#### DATASET EXCERPTS ####

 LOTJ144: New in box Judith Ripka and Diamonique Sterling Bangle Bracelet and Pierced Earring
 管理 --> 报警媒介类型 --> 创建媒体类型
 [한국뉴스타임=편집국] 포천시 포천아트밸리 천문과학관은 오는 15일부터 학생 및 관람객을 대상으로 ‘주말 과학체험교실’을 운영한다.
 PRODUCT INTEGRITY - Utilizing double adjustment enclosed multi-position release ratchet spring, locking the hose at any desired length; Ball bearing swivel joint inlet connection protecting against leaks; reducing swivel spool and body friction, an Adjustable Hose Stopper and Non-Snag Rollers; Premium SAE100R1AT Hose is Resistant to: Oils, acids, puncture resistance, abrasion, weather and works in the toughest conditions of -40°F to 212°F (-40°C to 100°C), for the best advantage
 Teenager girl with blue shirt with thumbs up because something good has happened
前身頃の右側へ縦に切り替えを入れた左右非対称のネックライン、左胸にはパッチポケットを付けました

####
#### DATASET EXCERPTS ####

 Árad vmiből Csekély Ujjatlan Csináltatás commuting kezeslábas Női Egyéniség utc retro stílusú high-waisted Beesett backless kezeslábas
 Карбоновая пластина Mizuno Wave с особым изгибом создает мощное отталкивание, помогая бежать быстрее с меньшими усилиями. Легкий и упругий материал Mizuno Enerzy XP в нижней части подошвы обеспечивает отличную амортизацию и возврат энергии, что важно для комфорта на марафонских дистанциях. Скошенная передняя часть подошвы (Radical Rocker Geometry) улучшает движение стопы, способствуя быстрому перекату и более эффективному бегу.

####
#### DATASET EXCERPTS ####

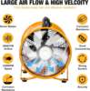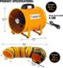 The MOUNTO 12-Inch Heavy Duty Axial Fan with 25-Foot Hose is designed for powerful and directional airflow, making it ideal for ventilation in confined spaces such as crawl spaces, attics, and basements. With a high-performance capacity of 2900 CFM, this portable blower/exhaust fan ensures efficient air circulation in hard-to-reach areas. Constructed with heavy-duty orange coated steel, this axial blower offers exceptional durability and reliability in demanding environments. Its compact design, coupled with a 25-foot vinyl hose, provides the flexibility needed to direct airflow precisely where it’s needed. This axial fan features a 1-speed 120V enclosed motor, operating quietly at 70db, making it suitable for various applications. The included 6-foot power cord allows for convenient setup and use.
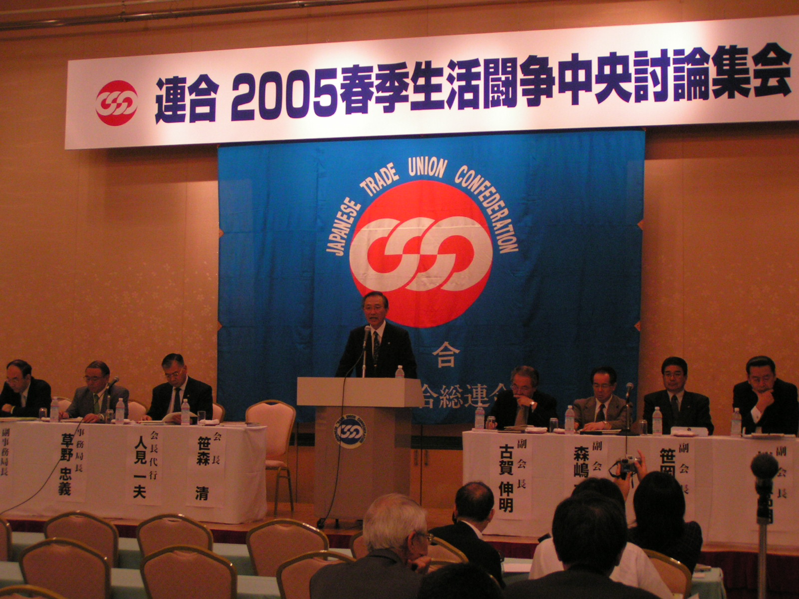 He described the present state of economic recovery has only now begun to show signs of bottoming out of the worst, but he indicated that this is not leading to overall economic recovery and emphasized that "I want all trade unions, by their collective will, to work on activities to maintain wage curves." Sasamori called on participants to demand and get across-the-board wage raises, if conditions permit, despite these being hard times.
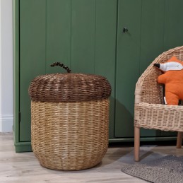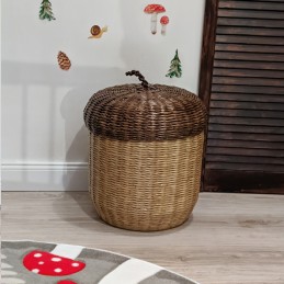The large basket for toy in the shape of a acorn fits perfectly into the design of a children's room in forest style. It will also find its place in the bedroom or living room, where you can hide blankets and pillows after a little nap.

####

• ABOUT THIS TASK
Retype only the stretch of lines above starting at the one with "LOTJ144: New in" and stopping at the one with "前身頃の右側へ縦に切り替えを", exactly as written, with both kept.

• RESULT OF THIS EXERCISE
 LOTJ144: New in box Judith Ripka and Diamonique Sterling Bangle Bracelet and Pierced Earring
 管理 --> 报警媒介类型 --> 创建媒体类型
 [한국뉴스타임=편집국] 포천시 포천아트밸리 천문과학관은 오는 15일부터 학생 및 관람객을 대상으로 ‘주말 과학체험교실’을 운영한다.
 PRODUCT INTEGRITY - Utilizing double adjustment enclosed multi-position release ratchet spring, locking the hose at any desired length; Ball bearing swivel joint inlet connection protecting against leaks; reducing swivel spool and body friction, an Adjustable Hose Stopper and Non-Snag Rollers; Premium SAE100R1AT Hose is Resistant to: Oils, acids, puncture resistance, abrasion, weather and works in the toughest conditions of -40°F to 212°F (-40°C to 100°C), for the best advantage
 Teenager girl with blue shirt with thumbs up because something good has happened
前身頃の右側へ縦に切り替えを入れた左右非対称のネックライン、左胸にはパッチポケットを付けました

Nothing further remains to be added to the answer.